Это место никогда не внушало мне страха. Несмотря на обилие могил, ничто здесь не таило угрозы. Совершенно ничего. Здесь царил мир и покой.
— Почему вы вооружены, сеньор Даджян? — прошептала я, улучив момент.
Армянин выслушал мой вопрос все с тем же озабоченным выражением лица, словно чего-то опасаясь. Затем неохотно ответил.
— А вы уже забыли, что случилось в Сантьяго? — проворчал он.
Мы с ним остановились под крышей портика у входа в храм. Он был украшен скульптурной группой, изображавшей сцену «Поклонения волхвов», которую я собственноручно реставрировала. Статуи в римском стиле и фигура епископа Беренгеля де Ландойра словно парили в воздухе над входной дверью церкви. Коленопреклоненный священник устремил взгляд в никуда. Янос даже не удосужился поднять глаза, чтобы полюбоваться ансамблем. Он был занят более важными размышлениями, а именно о следующем замке. На этот раз замок был старинный. Деревянная дверь запиралась на огромный ключ. И взломать ее было труднее, так что ему потребовалось немного больше времени, чтобы справиться с ней при помощи своего — как я узнала потом — портативного ионного лазера.
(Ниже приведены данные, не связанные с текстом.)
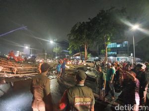 Papan Reklame Roboh di Warung Buncit Tutupi Dua Busway

— Вперед! — скомандовал Даджян, когда пала последняя преграда. — У нас мало времени.
В храм вошли только Даджян и я. Янос, Хаси, пилот, и Ваасфи остались снаружи следить, чтобы нам никто не помешал. В пустынных стенах церкви голос армянина отдавался эхом.
— Итак? Где самая древняя могила?
— Их тут сотни! — посетовала я, разглядывая первые каменные плиты под ногами. — Никто не знает, какая из них самая древняя!
Тогда Даджян подошел к электрическому щитку у дверей и нажал выключатель. Словно по волшебству вспыхнул свет. В воздухе стало жарко. Скрытая подсветка и современные галогеновые лампы выхватили из мрака впечатляющую коллекцию надгробных плит, начинавшуюся в нескольких метрах от нас. Они стояли вертикально, опираясь на стальные каркасы. Здесь были памятники всех форм и размеров: каменные доски с изображением пилигримов с посохами и ракушками; другие доски — с высеченными непонятными знаками, напоминающими глаз или когтистые лапы; третьи — с ножницами, инструментами ткача, стрелами и даже шляпами. Но ни одной-единственной надписи.
— Теперь ваша очередь, сеньора, — сказал Даджян, оглядевшись. — Пять лет назад Мартин встретился с вами здесь, а месяц назад вернулся, чтобы спрятать ваш обручальный талисман. Где он мог его оставить?
Я внимательно осмотрела церковь. С момента моего последнего посещения ее древний неф успел превратиться в современный выставочный зал. Все очень изменилось. Однако самое главное осталось на своих местах. Пол, к примеру, был вымощен пятью сотнями безымянных плит, напоминавших те, что стояли на подставках. Они были украшены грубыми барельефами, изображавшими молотки, якоря, башмачные подошвы и прочие знаки, указывавшие на род занятий человека, покоящегося под ними. И само собой, не осталось и следа от скамеек, кабинок для исповеди или алтарей, некогда обильно украшавших храм.
— Ну же? — торопил армянин. — Откуда начнем?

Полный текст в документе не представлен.